Женщина повлекла его за собой, туда, где крутилась рулетка.

– Я взяла слишком высоко, – шептала она страстно, как шепчут слова любви. – Поставила сразу на пятьдесят шесть, и все уже мне ясно…

– Помилуйте, Евпраксия Федоровна, – упирался Сергей Яковлевич. – Я не имею никакой охоты играть…

Тяжело дыша больными легкими, женщина его убеждала:

– Ставьте, ставьте! Я знаю: сейчас-то и начнется…

Она подтолкнула Мышецкого к столу, злобно выкрикнув за него первую цифру – тридцать пять.

– Banko, – был вынужден согласиться Мышецкий. Мальтиц из-за спины проследила за первым проигрышем князя.

– Еще ниже – на семь! – И со стоном куда-то отошла…
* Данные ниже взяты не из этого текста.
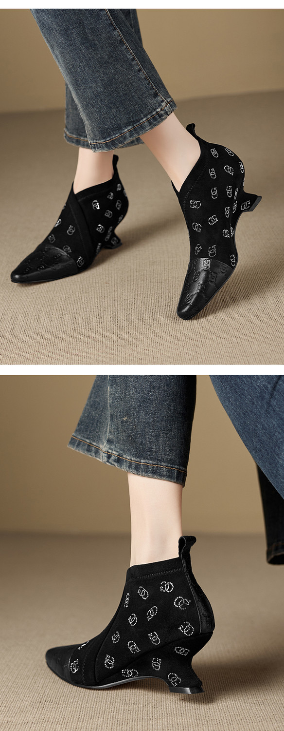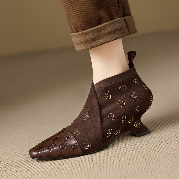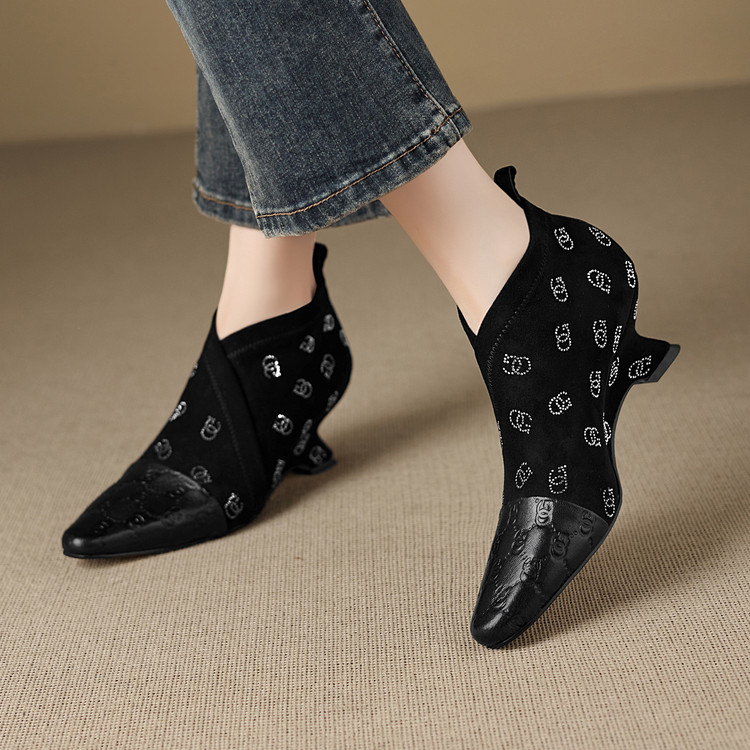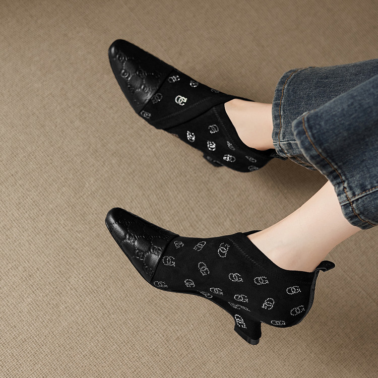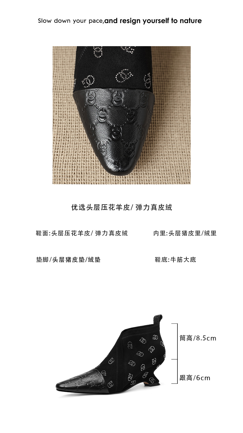 【鞋面材质】头层压花羊皮/弹力真皮绒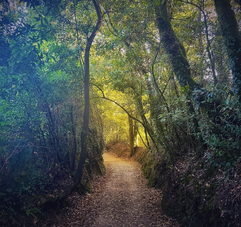 In the verdant heart of Galicia, the Camino Inglés winds through mystical holloways, those sunken lanes etched into the landscape by centuries of pilgrim footsteps. These corridors of greenery, enclosed by the intertwining branches of ancient trees and the embrace of overgrown foliage, create a secluded world away from the outside bustle. Walking these earthen paths, pilgrims find themselves enveloped in an almost cathedral-like silence, the rustle of leaves and the soft give of soil underfoot the only sounds. This seclusion is a gift to the spirit, a chance to turn inwards and commune with the deeper aspects of self, an unparalleled opportunity for mindfulness amidst the whispers of nature. As the dappled sunlight filters through the leafy canopy, each step becomes a meditative practice, and the Galician holloways transform into serene aisles of reflection, offering a profound connection to the spiritual essence of the Camino.

Сергей Яковлевич очутился в положении болвана: все на него смотрели, выжидая. Для начала пошелестел стофранковой бумажкой. Быстро прикинул: тридцать пять минус семь – двадцать восемь. И получилась та самая цифра, на которую советовал ставить и проводник. Забавно! Мышецкий поставил на двадцать восемь, и шарик, долго кружась, пошел на выигрышный круг. «Жммух!» – лопатка крепье, придвинула к нему первую горку кредиток и золота. Чья-то холеная рука, из-под локтя князя, уже забралась в эту вожделенную груду, и спазматически были скорчены вороватые бледные пальцы. Сергей Яковлевич больно треснул по этой лапе, даже не оглянувшись – кто этот наглец.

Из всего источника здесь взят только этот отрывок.